What to do:
After finding the line containing "来場者への環境配慮に関する意" below, please output that line and each following one through the line containing "Celebrate your mom-to-be", exactly as written.

Records shown:
..............................

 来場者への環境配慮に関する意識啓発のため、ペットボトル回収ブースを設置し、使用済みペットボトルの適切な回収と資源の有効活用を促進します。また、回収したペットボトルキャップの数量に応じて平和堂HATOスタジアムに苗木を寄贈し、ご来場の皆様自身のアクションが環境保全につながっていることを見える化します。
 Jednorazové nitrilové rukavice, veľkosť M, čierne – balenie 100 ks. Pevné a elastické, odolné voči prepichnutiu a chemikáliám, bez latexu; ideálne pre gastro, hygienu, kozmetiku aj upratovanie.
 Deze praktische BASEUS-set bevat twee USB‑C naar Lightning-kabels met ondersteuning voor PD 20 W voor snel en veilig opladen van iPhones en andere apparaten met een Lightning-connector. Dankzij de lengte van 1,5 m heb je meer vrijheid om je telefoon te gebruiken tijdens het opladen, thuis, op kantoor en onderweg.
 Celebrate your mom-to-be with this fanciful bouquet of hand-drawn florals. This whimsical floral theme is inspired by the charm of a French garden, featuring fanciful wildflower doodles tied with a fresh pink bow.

..............................

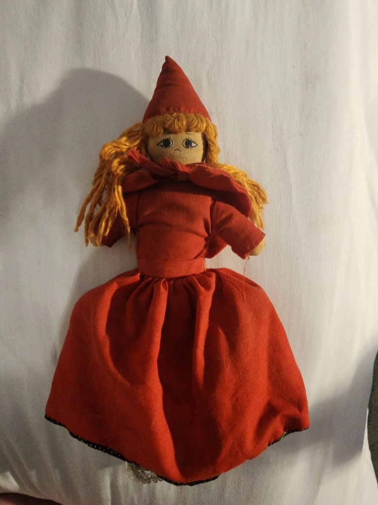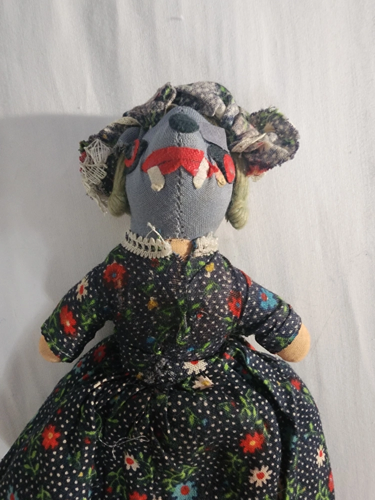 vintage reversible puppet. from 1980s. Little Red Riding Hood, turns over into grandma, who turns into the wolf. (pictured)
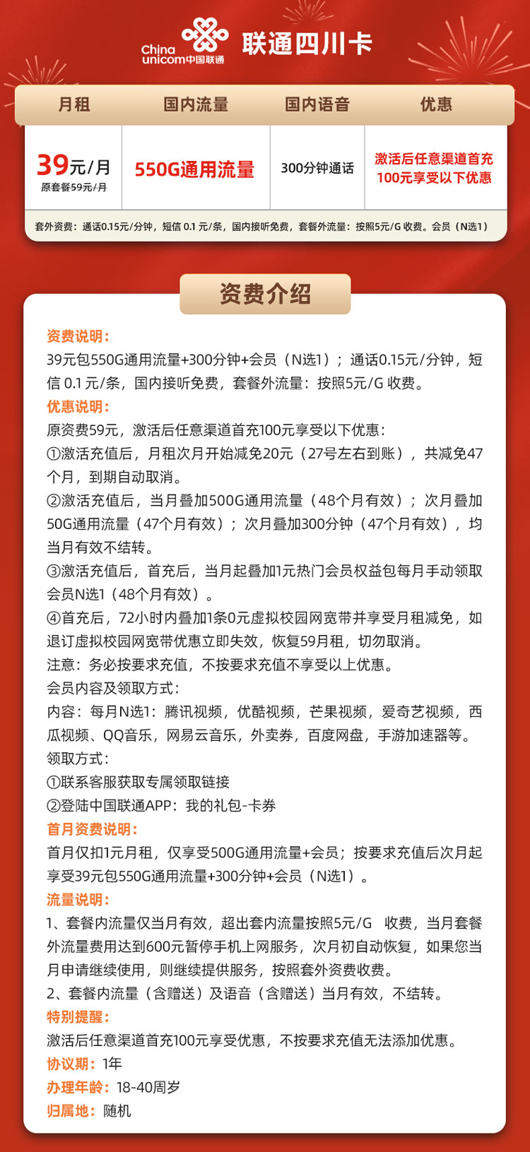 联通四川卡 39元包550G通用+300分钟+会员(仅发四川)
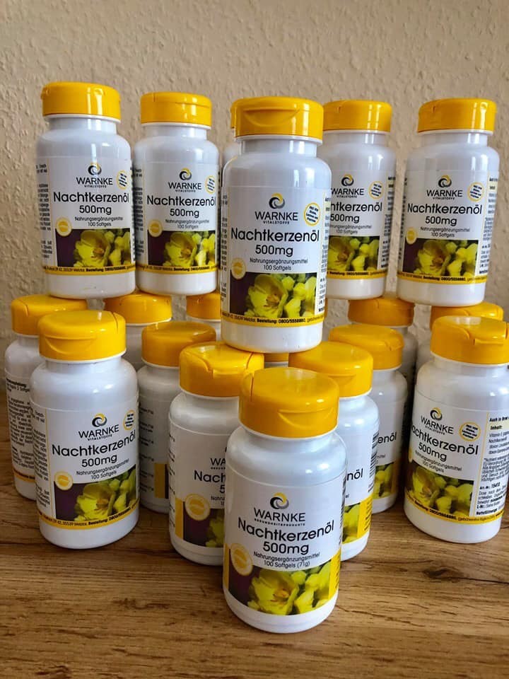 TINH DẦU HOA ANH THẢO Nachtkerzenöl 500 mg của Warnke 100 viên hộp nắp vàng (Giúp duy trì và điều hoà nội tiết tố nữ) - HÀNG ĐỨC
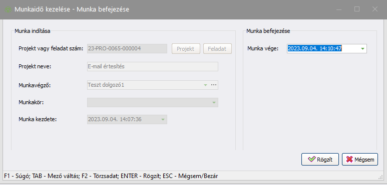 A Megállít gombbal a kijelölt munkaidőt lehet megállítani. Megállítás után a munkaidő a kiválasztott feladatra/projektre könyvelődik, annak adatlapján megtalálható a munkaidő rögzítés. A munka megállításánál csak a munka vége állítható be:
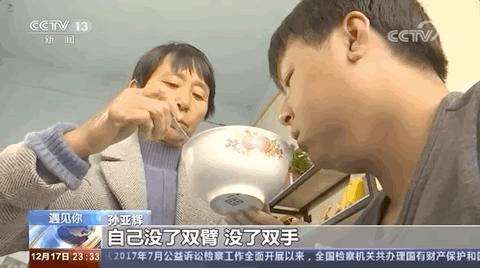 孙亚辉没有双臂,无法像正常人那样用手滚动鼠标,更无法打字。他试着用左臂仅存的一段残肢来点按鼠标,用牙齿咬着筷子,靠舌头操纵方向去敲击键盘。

..............................

Your solution:
 来場者への環境配慮に関する意識啓発のため、ペットボトル回収ブースを設置し、使用済みペットボトルの適切な回収と資源の有効活用を促進します。また、回収したペットボトルキャップの数量に応じて平和堂HATOスタジアムに苗木を寄贈し、ご来場の皆様自身のアクションが環境保全につながっていることを見える化します。
 Jednorazové nitrilové rukavice, veľkosť M, čierne – balenie 100 ks. Pevné a elastické, odolné voči prepichnutiu a chemikáliám, bez latexu; ideálne pre gastro, hygienu, kozmetiku aj upratovanie.
 Deze praktische BASEUS-set bevat twee USB‑C naar Lightning-kabels met ondersteuning voor PD 20 W voor snel en veilig opladen van iPhones en andere apparaten met een Lightning-connector. Dankzij de lengte van 1,5 m heb je meer vrijheid om je telefoon te gebruiken tijdens het opladen, thuis, op kantoor en onderweg.
 Celebrate your mom-to-be with this fanciful bouquet of hand-drawn florals. This whimsical floral theme is inspired by the charm of a French garden, featuring fanciful wildflower doodles tied with a fresh pink bow.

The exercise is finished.